* [Exercise details]:
Copy exactly the lines of the data below, beginning with the line with "На въезде в" and ending with the line with "Желтые таблетки на белом фоне". Pictures are to be omitted.

--- Task inputs Enclosed Below ---

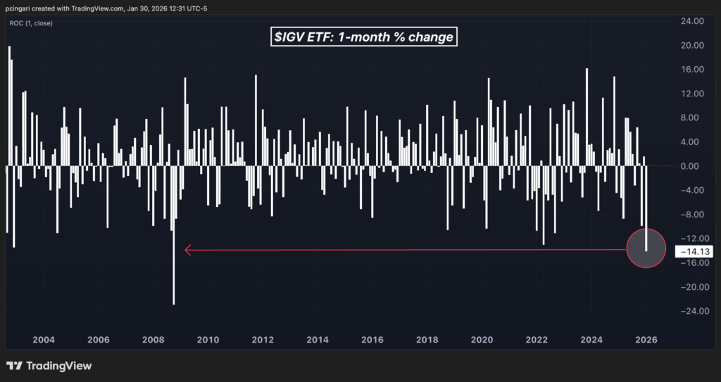 The shock reverberated across the sector, pushing the iShares Expanded Tech-Software Sector ETF(NYSE:IGV) down 14% for the month, marking its steepest monthly decline since October 2008, at the onset of the great financial crisis.
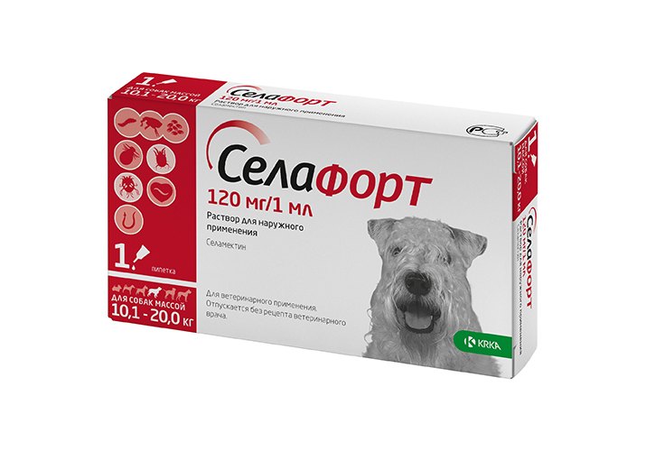 Krka Селафорт Капли на холку для собак весом от 10,1 до 20кг от Внешних и внутренних паразитов 120мг 1 пипетка
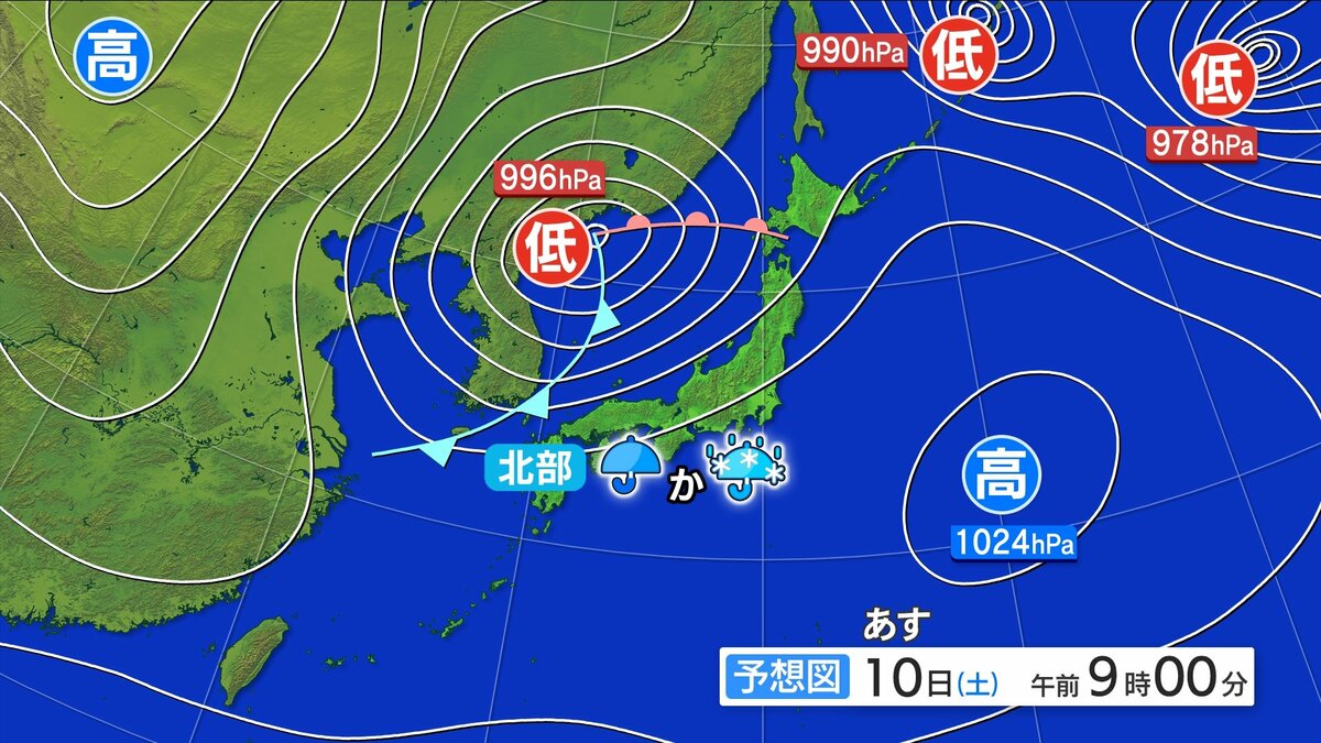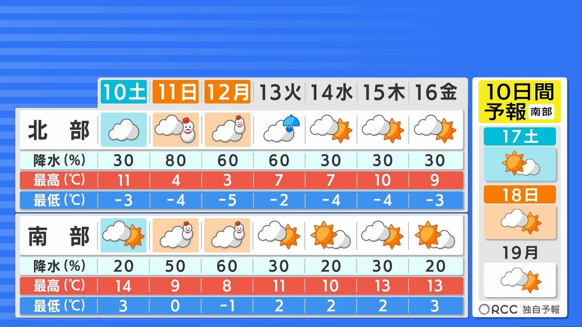10日(土)は、上空の寒気がゆるむ見込みです。日本海から前線が近付き、北部中心にぐずつきますが、降っても雨かみぞれ中心になる予想です。南部は日差しが届く見込みで、最高気温は14℃くらいでしょう。風が強いので、数字以上に体感は寒いかもしれません。
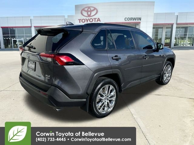Fearlessly face adventure in our One Owner 2023 Toyota RAV4 XLE Premium AWD with the Weather Pack that has a bold presence in Magnetic Gray Metallic! Powered by a 2.5 Liter Dynamic Force 4 Cylinder that serves up 203hp to an 8 Speed Automatic transmission so you can get a jump on your next journey. This All Wheel Drive SUV also moves with sure-footed traction to boost your confidence, and it sees nearly 34mpg on the highway. High-end details to help our RAV4 turn heads include 19-inch Super Chrome wheels, LED lighting, fog lamps, a power sunroof, and a height-adjustable power liftgate.
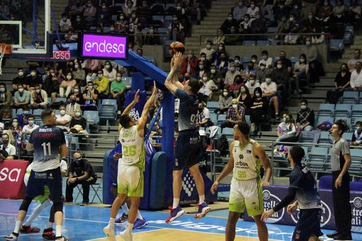 O Urbas consegue rebotear en ataque, e agora é Alex López o que se levanta para lanzar, caendolle enriba Okouo.
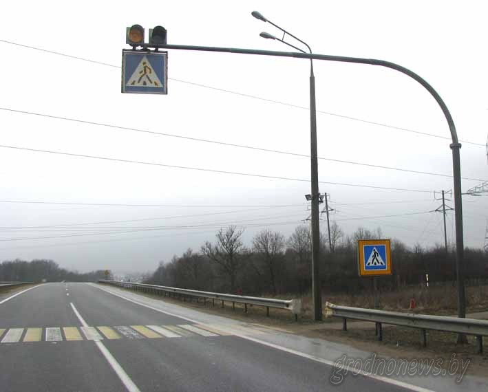 На въезде в Гродно по новой схеме подсвечен пешеходный переход
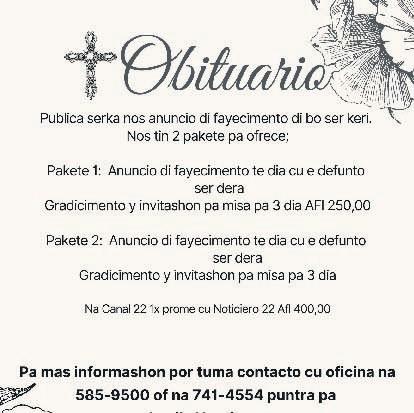 Demas Famia: Angela, Kock, Trimon, Bislip, Maduro, Rasmijn, Thode, Wester y demas famia ta wordo invita pa condolencia y acto di entiero Diasabra 29 di juni 2024 for di 2 pm pa 4 pm na Royal Funeral Home y despues lo Sali bai pa santana Catolico na Sta. Cruz.
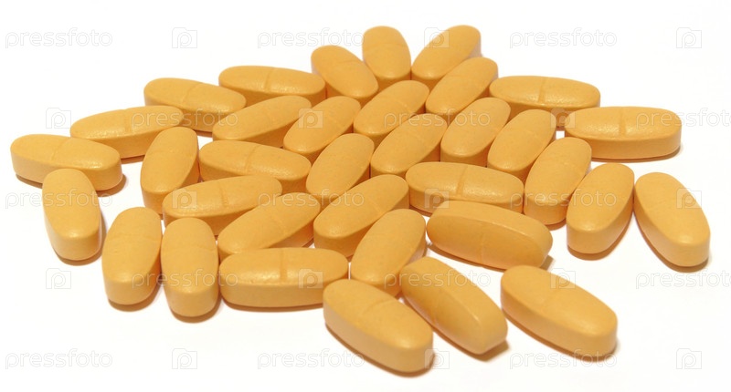 Желтые таблетки на белом фоне
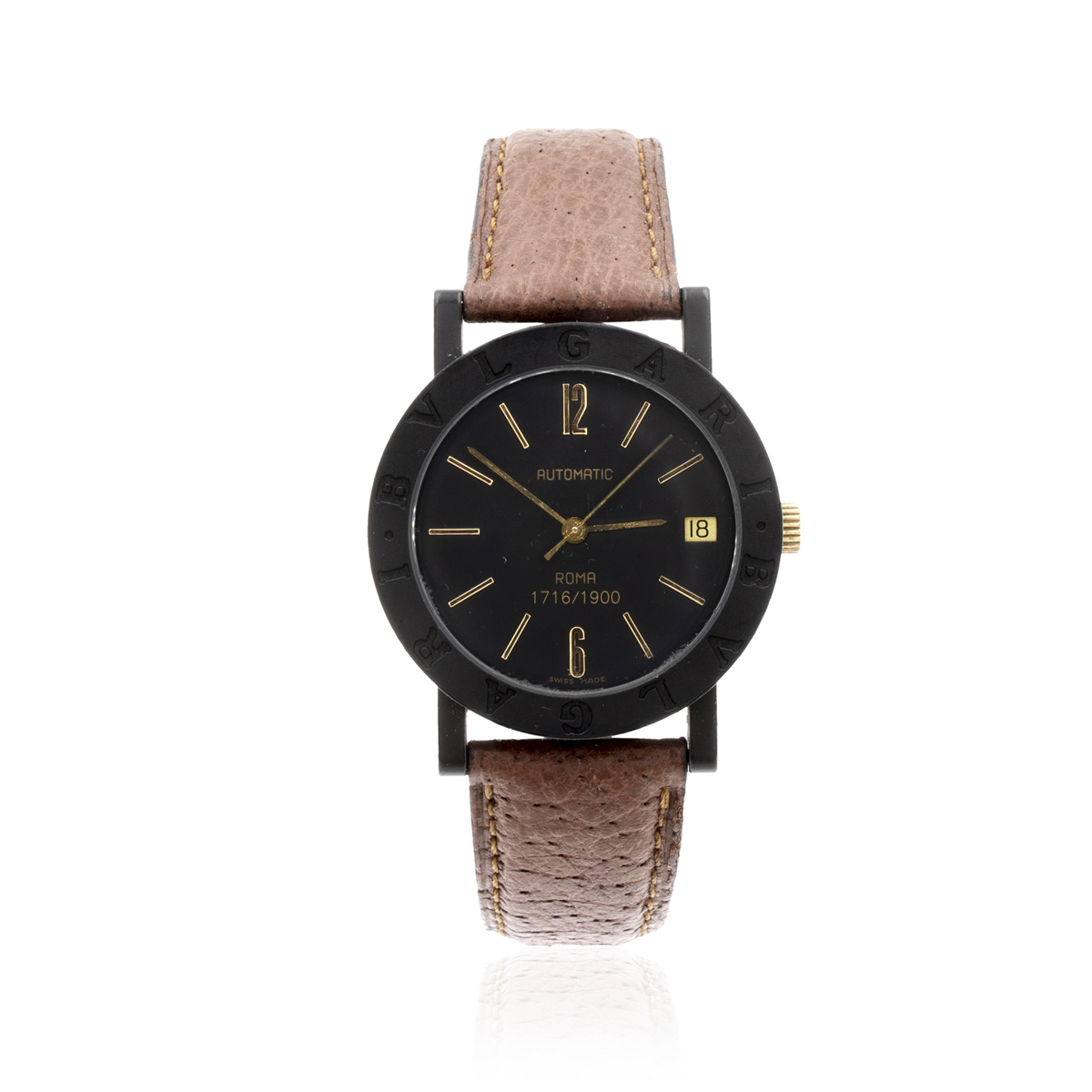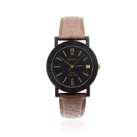 Bulgari Carbon Gold Roma, orologio da polso vintage edizione limitata 1716/1900, anni 90 in fibra di carbonio, ref. BB33VLD, cassa diametro 33 mm. quadrante nero con indici e numeri arabi, datario ore 3, movimento meccanico a carica automatica eta 2824/2, cinturino originale in pelle con fibbia in carbonio, cassa, quadrante e movimento firmati

--- End of Enclosed Task inputs ---

* [Answer to this exercise]:
 На въезде в Гродно по новой схеме подсвечен пешеходный переход
 Demas Famia: Angela, Kock, Trimon, Bislip, Maduro, Rasmijn, Thode, Wester y demas famia ta wordo invita pa condolencia y acto di entiero Diasabra 29 di juni 2024 for di 2 pm pa 4 pm na Royal Funeral Home y despues lo Sali bai pa santana Catolico na Sta. Cruz.
 Желтые таблетки на белом фоне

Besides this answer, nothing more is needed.